Code at issue
with open(outputfile, "w") as file_handle:
df2.to_csv(file_handle, compression='gzip')
Problem description
The written file is not gzip compressed.
Expected Output
The output should be a gzip compressed csv file. Similar to what is obtained when using:
df2.to_csv('/path/to/file.csv.gz',compression='gzip')
Comment From: WillAyd
Maybe related to #21144
Comment From: minggli
>>> import os
>>> import pandas as pd
>>> from pandas import *
>>>
>>> pd.__version__
'0.20.3'
>>>
>>> df = DataFrame(100 * [[123, 234, 435]])
>>>
>>> with open('test_compressed', 'w') as fh:
... df.to_csv(fh, compression='gzip')
...
>>> fh_size = os.path.getsize('test_compressed')
>>> df.to_csv('test_compressed', compression='gzip')
>>> f_size = os.path.getsize('test_compressed')
>>>
>>> os.remove('test_compressed')
>>> assert fh_size == f_size
Traceback (most recent call last):
File "<stdin>", line 1, in <module>
AssertionError
looks like an existing behaviour dating back to version 0.20 or earlier.

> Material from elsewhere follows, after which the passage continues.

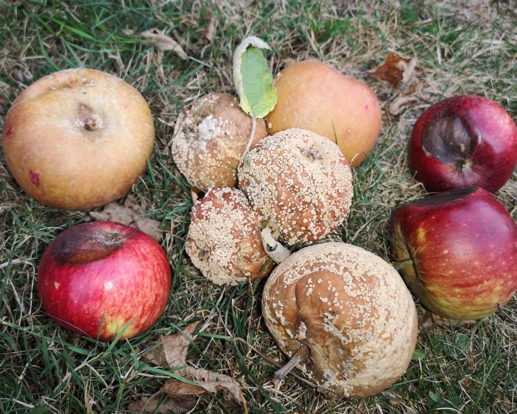 Het rottende fruit, her en der onder de bomen verspreid, trok Meta’s aandacht.

Actually, the documentation of compression=
says:
compression : string, optional
A string representing the compression to use in the output file. Allowed values are ‘gzip’, ‘bz2’, ‘zip’, ‘xz’. This input is only used when the first argument is a filename.
so it is not supported but may be a new use case perhaps?
Comment From: toninlg
Hi,
Should the following code works with this merge or is it related to #22555?
import os
import sys
import pandas as pd
from pandas import *
print(sys.version)
print(pd.__version__)
df = DataFrame(100 * [[123, 234, 435]])
with open('./test_compressed.gz', 'w', newline='') as fh:
df.to_csv(fh)
fh_size = os.path.getsize('./test_compressed.gz')

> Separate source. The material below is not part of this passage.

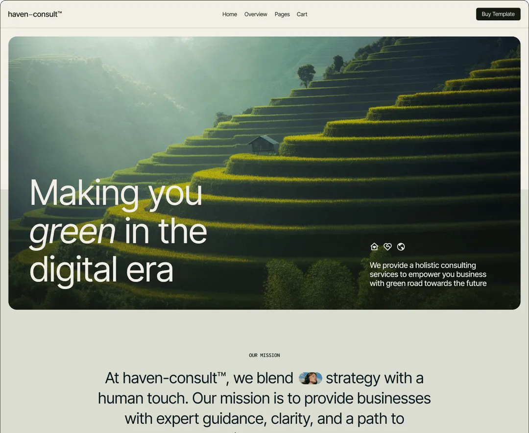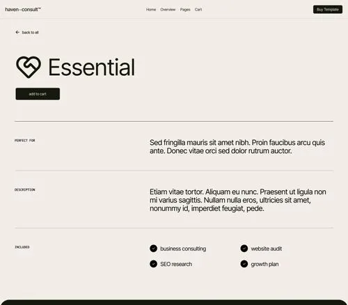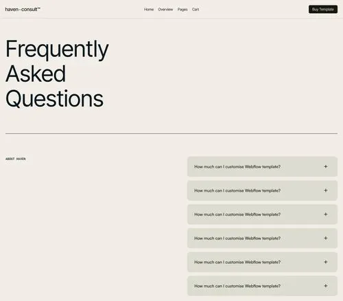 Explore multiple layouts and creative animations with haven-consult™ Webflow template.

df.to_csv('./test_compressed.gz')
f_size = os.path.getsize('./test_compressed.gz')
os.remove('./test_compressed.gz')
assert fh_size == f_size
3.6.7 (default, Dec 6 2019, 07:03:06) [MSC v.1900 64 bit (AMD64)] 0.25.1
3.7.7 (default, May 6 2020, 11:45:54) [MSC v.1916 64 bit (AMD64)] 1.0.5 I have an assertion error in both cases and if I add compression='gzip' to the first to_csv, I have RuntimeWarning: compression has no effect when passing file-like object as input.
Thank you
Comment From: AvivAvital2
@toninlg this worked for me
import gzip
with io.StringIO() as buf:
df.to_csv(buf)
with open('test_compressed.gz', 'wb') as remote_file:
remote_file.write(gzip.compress(bytes(buf.getvalue(), 'utf-8')))
Comment From: miodeqqq
You can also try this:
import csv
import gzip
from io import BytesIO, TextIOWrapper
gz_buffer = BytesIO()
with gzip.GzipFile(fileobj=gz_buffer, mode="w") as gz_file:
df.to_csv(
path_or_buf=TextIOWrapper(gz_file, "utf8"),
index=False,
sep=",",
quoting=csv.QUOTE_NONE,
compression="gzip",
)